Izulka dużo czasu zajmuje Ci wystawianie, ja zamierzam w sobote pierwszy raz coś wystawić bo mam mnóstwo rzeczy, nie zamierzam trzymać, dla kogoś, może, kiedyś bo miejsca mi zabraknie, sprzedam ile się da, możesz wstawić linka jakieś swojej aukcji??
 
Tygrynko
ja juz mam ciasto, krem, i zapiekankę na obiad ale miałam tempo wszystko w 1,20 z pieczeniem i expresowym studzeniem kremu:-), jeszcze zaraz zrobię sałatkę a na wieczór będziemy siedzieć przy raclette- bardzo lubimy, taka namiastka lata i grilowania...

wow! pięknie się wyrobiłaś i fajne plany na wieczór:tak:

my byliśmy na kawce na starym rynku, spotkaliśmy starych znajomych, no po prostu super dzień:-D w dodatku mamy juz oficjalne zaproszenie na panieński i kawalerski oraz ślub znajomych w maju, więc już planuję co założę i jak do tego czasu odstawię młodego od cyca i nocnego wstawania, bo mamy zamiar sie porządnie zabawić :-D
a na razie planuję co w weekend upichcę...
miłego wieczoru!
 
Luckaa,
najpierw cykam dużo zdjęć, robię przybliżenia różnych szczegółów, obrabiam, zmniejszam rozmiar przez vso image resizer. Wrzucam w darmowy imageshack, kopiuję link i wklejam w aukcję. W ten sposób nie ponoszę żadnych kosztów zw. ze zdjęciami i mogę dać ich nieograniczoną ilość. Robię zdjęcie i opisuję co to za rzeczy, podaję rozmiar i firmę. Tak FIRMA, METKA to jest to co najważniejsze;-)Dla wielu ludzi to najistotniejsze.

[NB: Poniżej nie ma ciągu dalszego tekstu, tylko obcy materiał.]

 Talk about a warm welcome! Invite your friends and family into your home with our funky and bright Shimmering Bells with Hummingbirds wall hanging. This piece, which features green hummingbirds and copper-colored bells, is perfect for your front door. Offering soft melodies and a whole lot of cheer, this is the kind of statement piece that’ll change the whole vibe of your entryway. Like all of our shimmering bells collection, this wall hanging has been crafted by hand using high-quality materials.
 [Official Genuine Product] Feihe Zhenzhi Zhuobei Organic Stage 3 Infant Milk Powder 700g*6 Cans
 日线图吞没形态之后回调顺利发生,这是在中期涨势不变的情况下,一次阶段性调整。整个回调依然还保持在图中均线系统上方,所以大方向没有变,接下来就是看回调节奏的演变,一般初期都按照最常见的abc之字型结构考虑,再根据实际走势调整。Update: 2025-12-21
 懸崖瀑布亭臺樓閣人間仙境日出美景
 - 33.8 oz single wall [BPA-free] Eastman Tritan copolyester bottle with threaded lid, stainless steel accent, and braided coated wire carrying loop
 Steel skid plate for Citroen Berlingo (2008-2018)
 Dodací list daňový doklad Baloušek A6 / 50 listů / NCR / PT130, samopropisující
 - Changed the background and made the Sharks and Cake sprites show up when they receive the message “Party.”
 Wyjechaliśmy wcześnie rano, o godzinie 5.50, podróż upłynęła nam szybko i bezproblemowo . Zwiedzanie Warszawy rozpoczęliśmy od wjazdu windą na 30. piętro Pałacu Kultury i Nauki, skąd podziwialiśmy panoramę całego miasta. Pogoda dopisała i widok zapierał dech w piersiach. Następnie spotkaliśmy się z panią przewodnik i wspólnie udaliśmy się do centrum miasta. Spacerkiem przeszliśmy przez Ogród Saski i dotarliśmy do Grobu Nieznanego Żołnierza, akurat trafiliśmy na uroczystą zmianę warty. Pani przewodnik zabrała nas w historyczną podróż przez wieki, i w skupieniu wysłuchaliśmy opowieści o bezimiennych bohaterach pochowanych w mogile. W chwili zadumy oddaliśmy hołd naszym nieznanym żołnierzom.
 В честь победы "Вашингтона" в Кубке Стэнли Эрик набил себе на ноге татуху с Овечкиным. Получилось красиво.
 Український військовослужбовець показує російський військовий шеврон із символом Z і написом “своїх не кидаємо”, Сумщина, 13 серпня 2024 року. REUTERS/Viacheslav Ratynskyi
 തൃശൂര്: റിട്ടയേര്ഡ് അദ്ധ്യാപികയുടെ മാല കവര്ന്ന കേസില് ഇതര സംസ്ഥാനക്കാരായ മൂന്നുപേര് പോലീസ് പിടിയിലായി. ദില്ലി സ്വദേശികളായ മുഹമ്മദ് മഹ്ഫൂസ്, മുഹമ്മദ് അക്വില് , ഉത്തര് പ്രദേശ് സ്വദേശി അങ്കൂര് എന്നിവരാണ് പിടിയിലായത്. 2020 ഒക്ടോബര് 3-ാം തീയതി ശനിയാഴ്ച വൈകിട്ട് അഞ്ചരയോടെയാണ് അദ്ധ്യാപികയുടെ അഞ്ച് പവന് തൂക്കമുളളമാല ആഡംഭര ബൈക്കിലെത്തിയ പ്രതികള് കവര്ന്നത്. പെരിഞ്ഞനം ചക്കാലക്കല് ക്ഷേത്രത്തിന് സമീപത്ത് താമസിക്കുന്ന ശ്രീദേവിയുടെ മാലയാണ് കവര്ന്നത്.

W tytule aukcji zawsze też piszę nazwy firm, to przyciąga ;-) Sprawdzałam raz podając, raz nie . Wiadomo jaki był efekt. Śmieszne ale prawdziwe.
Teraz mam wystawiony tylko fotelik... więc nie wiem czy Cię widok takiej aukcji interesuje... Jakby coś, to służę pomocą na :-)ile potrafię
 
reklama
Witajcie wieczorową porą. Byłam wczoraj na wizycie u gina i widziałam swoją dzidzie teraz to w 100% wygląda na miniaturkę człowieka, szkoda tylko że spało podczas usg. Dobrze się czuje brzuch rośnie, W z tekstem do mnie'' ale ci szybko brzuch rośnie'':-).
Ja również zamierzałam posprzedawać rzeczy po Krystku ale że kolejne w drodze to nie będę musiała już kupować, jak np fotelik. No dobra zmykam bo mi się już oczy kleją.